The wavefront sensor 315 is connected to an adaptive optics controller 316 serving as a control unit to transmit the measurement result of the wavefront of the received light beam to the adaptive optics controller 316. The adaptive optics controller 316 is connected to the variable shape mirror 308 including the electrostatic comb actuator according to the present invention, and the variable shape mirror 308 is deformed into a shape instructed by the adaptive optics controller 316.
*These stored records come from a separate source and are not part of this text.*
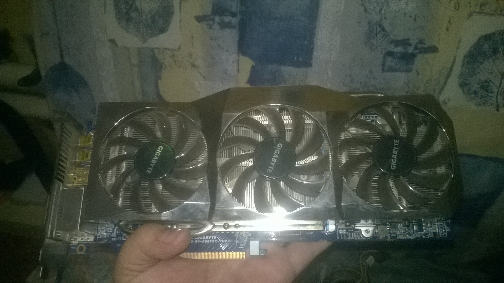 Денег у меня не было, зато были знакомые в местном компьютерном сервисе и доступ к их помойке и в помойке той отыскалась целая HD6870 аж на целый 1Gb да ещё с 3мя пропеллерами и заводским разгоном. С видеокартой было всё в порядке, акромя порта DVI при установке переходника на VGA экран почему то заливало красным собственно этот дефект был из коробки, видеокарта долго и не раз ездила по маршруту продаван-дистрибьютор и в итоге оказалась в куче подобного же барахла которая ждала утилизации в сервисе по причине истечения гарантийного срока.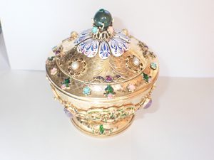 871 A highly unusual & fine quality silver gilt multi enamelled gem set covered box C1900? Band C on reserve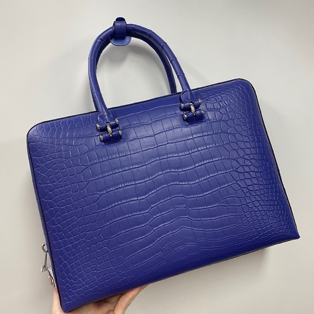ひと際目立つ!高級 クロコダイル ワニ革 腹革使用 マット仕上げビジネスバッグ 手提げ ハンドバッグ 紺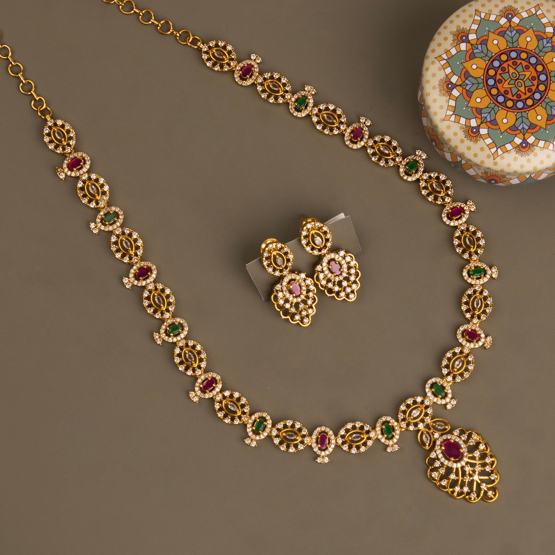 Embrace a timeless statement with this exquisite long-drop necklace in a luxurious gold-toned finish, inspired by the goddess of beauty and love. At its heart lies a series of finely crafted floral motifs, each set with brilliant AD-stone accents that catch the light with every movement. The elongated chain drapes gracefully, making this piece ideal for both traditional ethnic wear and modern contemporary ensembles.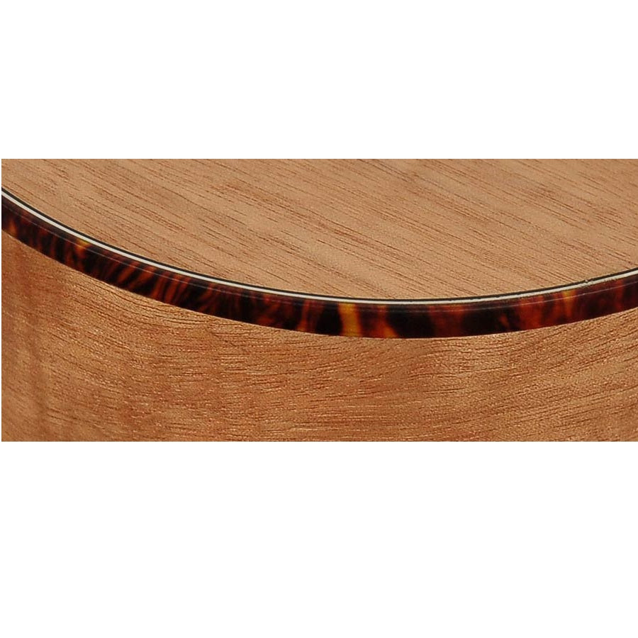 Corpul complet din okoume flamed oferă nu doar o estetică spectaculoasă, ci și un ton cald și deschis. Decorul cu binding de tip carapace de țestoasă și rozeta din abalon accentuează eleganța instrumentului, conferindu-i un aspect premium. Fiecare detaliu este finisat cu grijă, rezultând un instrument plăcut la atingere și impecabil vizual.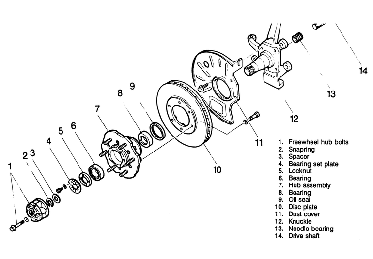 Adjust the wheel bearing if necessary. Install the manual locking hub assembly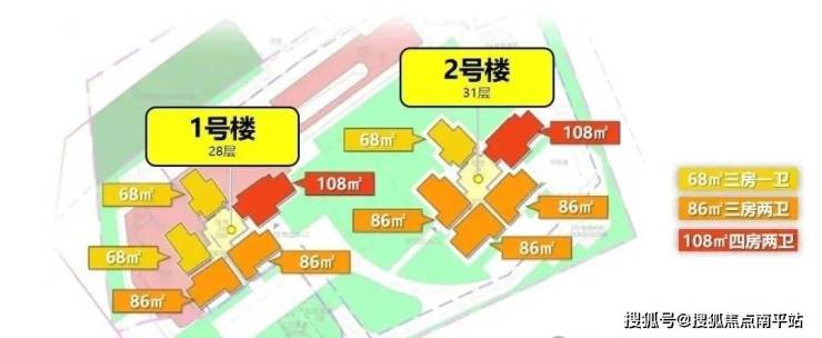 项目将推出建面69-86-108平的三四房,其它86平三房两卫货量最低,占了5条梯腿,108平货量最少,只有60套左右。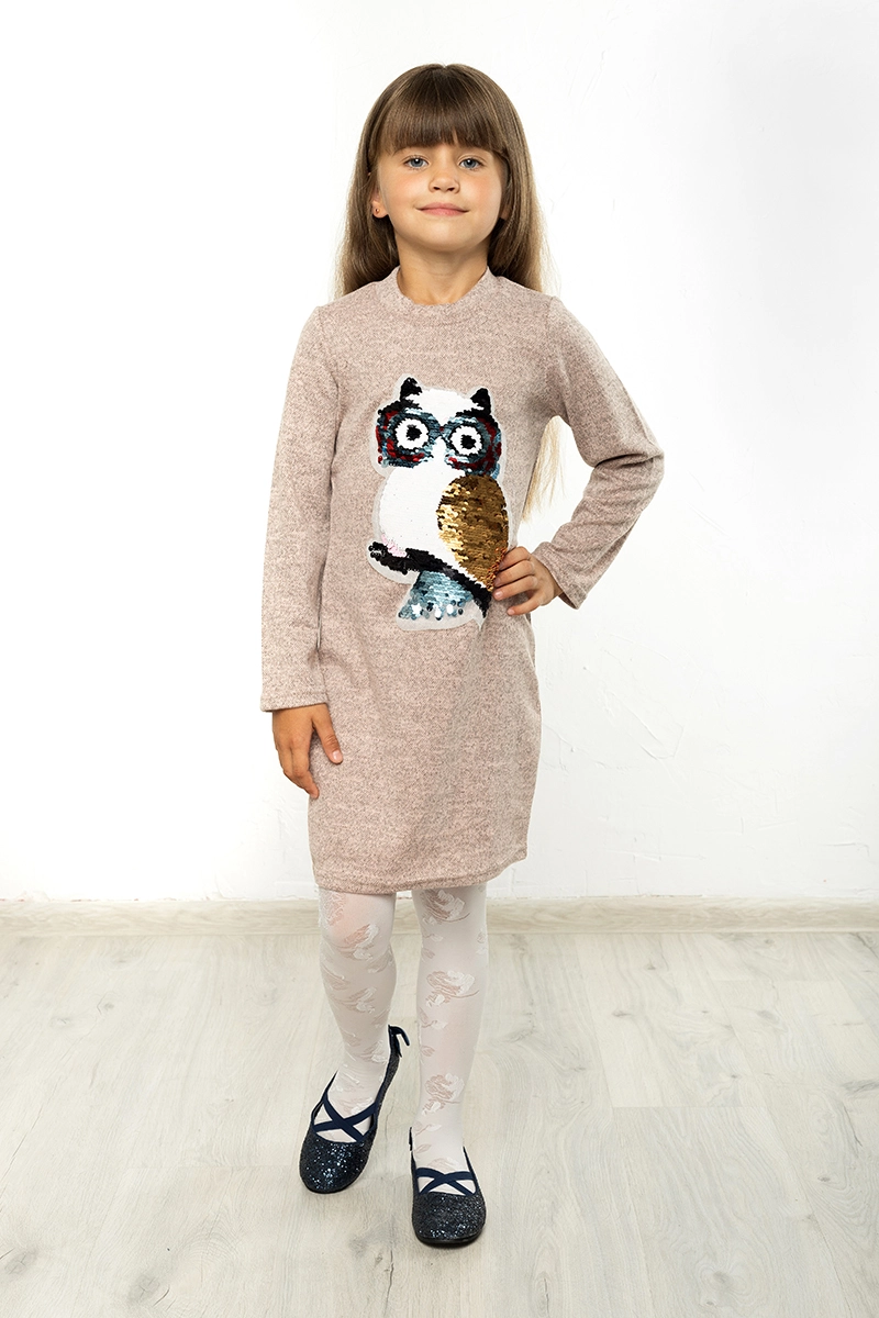 Детское очаровательное платье прямого покроя с длинным рукавом, спереди украшено пайетками перевертышами. Замечательная модель для повседневной носки.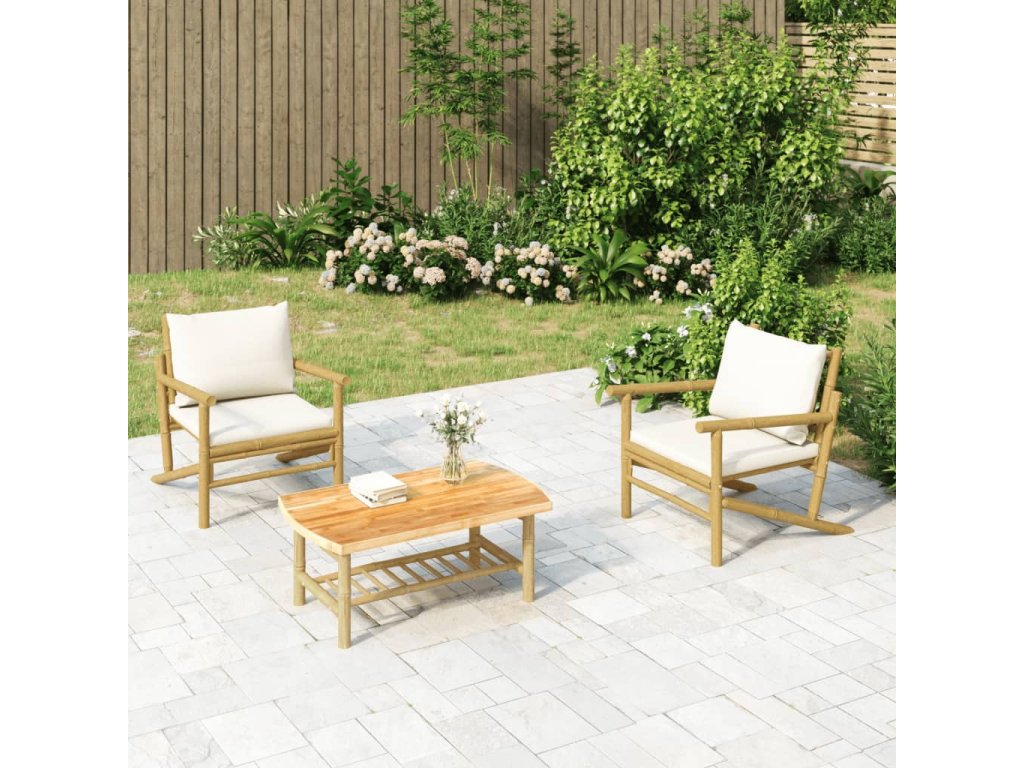 3dílná zahradní sedací souprava krémově bílé podušky bambus 3156479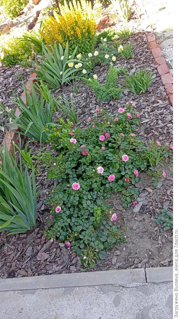 Уже в планах обыграть розовый кустик розовой растюхой «тон в тон» или светлее… Чтобы получился справа нежно желтый пятачок, слева — пастельный розовый. Но пока долгоцветущее в пастельных розовых оттенках многолетнее растение не нашла… Эх…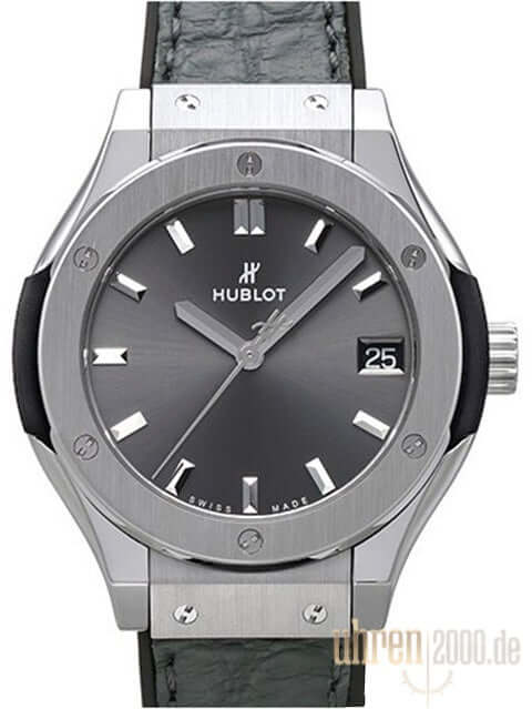 Gehäuse aus Titan poliert und satiniert, Gehäusedurchmesser 33 mm, Titan Lünette poliert und satiniert, graues Zifferblatt, graues Kautschukband mit Krokodilleder Einlage und Faltschließe, Quarzwerk, Kaliber HUB2912, Datumsanzeige, Saphirglas entspiegelt, Boden verschraubt und graviert, Wasserdicht bis 5 bar.

The adaptive optics controller 316 calculates, based on the wavefront obtained from the wavefront sensor 315, a mirror shape that enables correction into a wavefront with no aberration. Then, in order to reproduce the shape in the variable shape mirror 308, a necessary application voltage difference for each of the comb electrodes is calculated and sent to the variable shape mirror 308. In the variable shape mirror 308, a potential difference sent from the adaptive optics controller 316 is applied between the movable comb electrode and the fixed comb electrode, to thereby deform the mirror surface into a predetermined shape.

The measurement of the wavefront by the wavefront sensor 315, transmission of the wavefront to the adaptive optics controller 316, and instruction by the adaptive optics controller 316 to the variable shape mirror for correction of the aberration as described above are repeatedly processed to be feed-back controlled to constantly obtain an optimum wavefront. Note that, it is only necessary that the variable shape mirror that forms the reflective optical modulation element is arranged so as to correct a wavefront aberration of at least one of measurement light or return light.

The adaptive optics system according to this embodiment described above inhibits breakage of the spring of the electrostatic comb actuator, and thus, manufacturing costs when the adaptive optics system is manufactured can be reduced.

According to the one embodiment of the present invention, in the actuator having the structure described above, stress concentration on the elastic members of the actuator may be reduced in the manufacturing process thereof, and thus, breakage of the elastic members may be inhibited

While the present invention has been described with reference to exemplary embodiments, it is to be understood that the invention not limited to the disclosed exemplary embodiments. The scope of the following claims is to be accorded the broadest interpretation so as to encompass all such modifications and equivalent structures and functions.

This application claims the benefit of Japanese Patent Application No. 2015-013791, filed Jan. 27, 2015, which is hereby incorporated by reference herein in its entirety.

Claims

1. An actuator comprising:

a supporting member;

a plurality of fixed comb electrodes formed on the supporting member and extending from the supporting member;

a movable member;

an elastic member configured to connect the movable member and the supporting member to each other; and

a plurality of movable comb electrodes formed on the movable member, extending from the movable member substantially in parallel with the plurality of fixed comb electrodes, and engaged with the plurality of fixed comb electrodes with gaps therebetween, respectively,

a surface of the movable member having the plurality of movable comb electrodes formed thereon and a surface of the supporting member having the plurality of fixed comb electrodes formed thereon being arranged substantially in parallel with movable directions of the movable member,

wherein the plurality of movable comb electrodes are substantially in parallel with one another, and

wherein a portion of the elastic member, which is located at a beginning of extension from the movable member, is substantially in parallel with the plurality of movable comb electrodes.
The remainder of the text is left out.